Setting cookies on the response is a separate API — see Sending responses.
Reading the body
The request body is fully buffered before your handler runs, so reading it
is a synchronous, in-memory operation — there is no streaming read to drain and
no I/O error to handle at read time. The maximum buffered size is governed by
Config.MaxRequestBodySize (default 100 MB; see
Configuration); requests exceeding it are rejected before
they reach your handler.
| Method | Returns | Retain after handler? |
|---|---|---|
c.Body() | Raw body []byte, zero-copy | No |
c.BodyCopy() | A heap copy of the body (nil if empty) | Yes |
c.BodyReader() | An io.Reader over the body bytes | The reader wraps Body() — drain it within the handler |
s.POST("/raw", func(c *celeris.Context) error {
body := c.Body() // zero-copy view, valid this handler only
log.Printf("received %d bytes", len(body))

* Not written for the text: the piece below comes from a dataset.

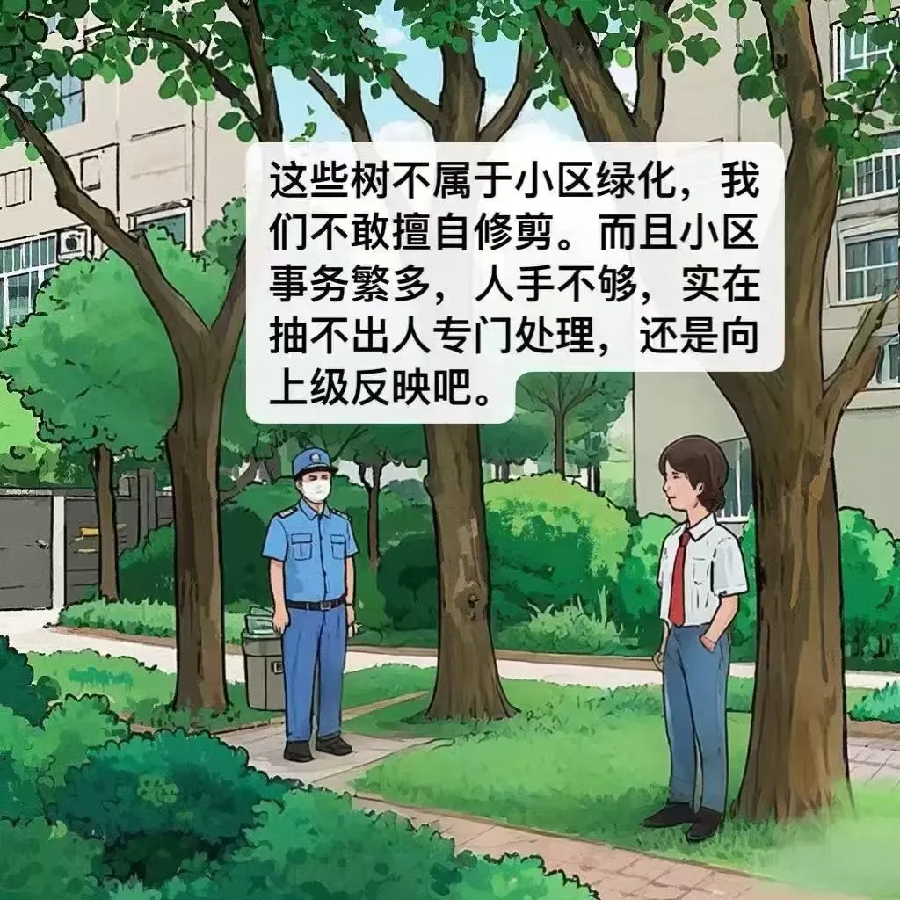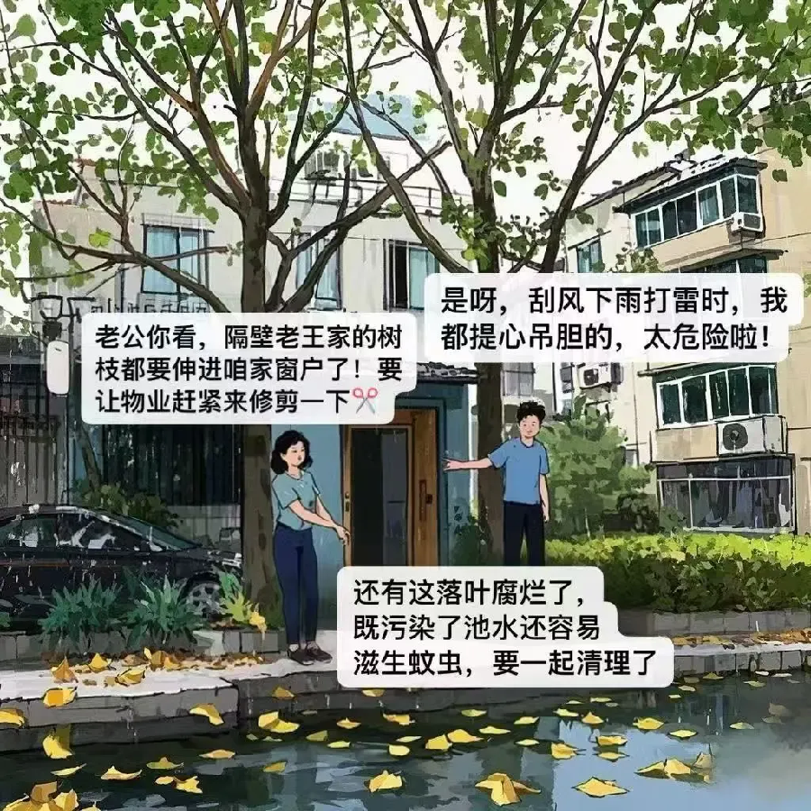 尚女士夫妇多年前购入三乡镇某小区的独栋别墅,与物业公司签订前期物业服务协议,其中明确约定业主的物业若存安全隐患危及公共及他人利益,业主应及时维修养护,否则物业公司有权处理。收楼后,尚女士依约缴纳物业费,前期1.8元每月每平方米,后期2.5元每月每平方米,一直交到2022年6月30日。平静生活突生变故,尚女士发现相邻独栋别墅院落里的三棵小叶榄仁树疯长。走进自家院子,只见树枝肆意伸展,有的甚至顶到了窗户,随时可能打破玻璃。地上满是厚厚的落叶,腐臭气味弥漫。公共水系也被落叶和杂物堵塞,水流迟缓,水面漂浮着绿藻和垃圾,散发出阵阵恶臭,蚊虫滋生,嗡嗡乱飞。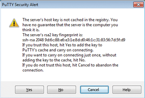 Figure 2: Like any SSH client, PuTTY shows the RSA host key of the remote host.

return c.String(200, "ok")
})
Use BodyReader() when an API wants an io.Reader — for example streaming the
body into a decoder:
s.POST("/stream-decode", func(c *celeris.Context) error {
var v map[string]any
if err := json.NewDecoder(c.BodyReader()).Decode(&v); err != nil {
return celeris.NewHTTPError(400, "invalid JSON")
}
return c.JSON(200, v)
})
For decoding the body straight into a struct, prefer Bind, BindJSON, or
BindXML over manual BodyReader plumbing — see
Binding and validation.
Forms and file uploads
The form accessors handle both application/x-www-form-urlencoded and
multipart/form-data bodies. The body is parsed lazily on the first form call
and cached, so calling several form accessors costs one parse.
| Method | Behavior |
|---|---|
c.FormValue(name) | First value for the field, or "" (absent or parse failed) |
c.FormValueOK(name) | (value, ok) — distinguishes a present-but-empty field from a missing one |
c.FormValues(name) | All values for the field as []string (nil if absent) |
c.FormFile(name) | First uploaded file for the field (multipart only) |
c.MultipartForm() | The full parsed *multipart.Form, including all files |
Reading form fields
s.POST("/login", func(c *celeris.Context) error {
user := c.FormValue("username")
pass := c.FormValue("password")
if user == "" || pass == "" {
return celeris.NewHTTPError(400, "missing credentials")
}
return doLogin(c, user, pass)
})
When you must tell an empty field apart from an absent one, use FormValueOK:
if v, ok := c.FormValueOK("newsletter"); ok {
// field was submitted (possibly with an empty value)
subscribe(v)
}
Handling file uploads
FormFile returns the file, its *multipart.FileHeader (with Filename,
Size, and Header), and an error. You own the returned file and must close
it. If the request is not multipart/form-data, or the field is missing,
FormFile returns an HTTPError with status 400.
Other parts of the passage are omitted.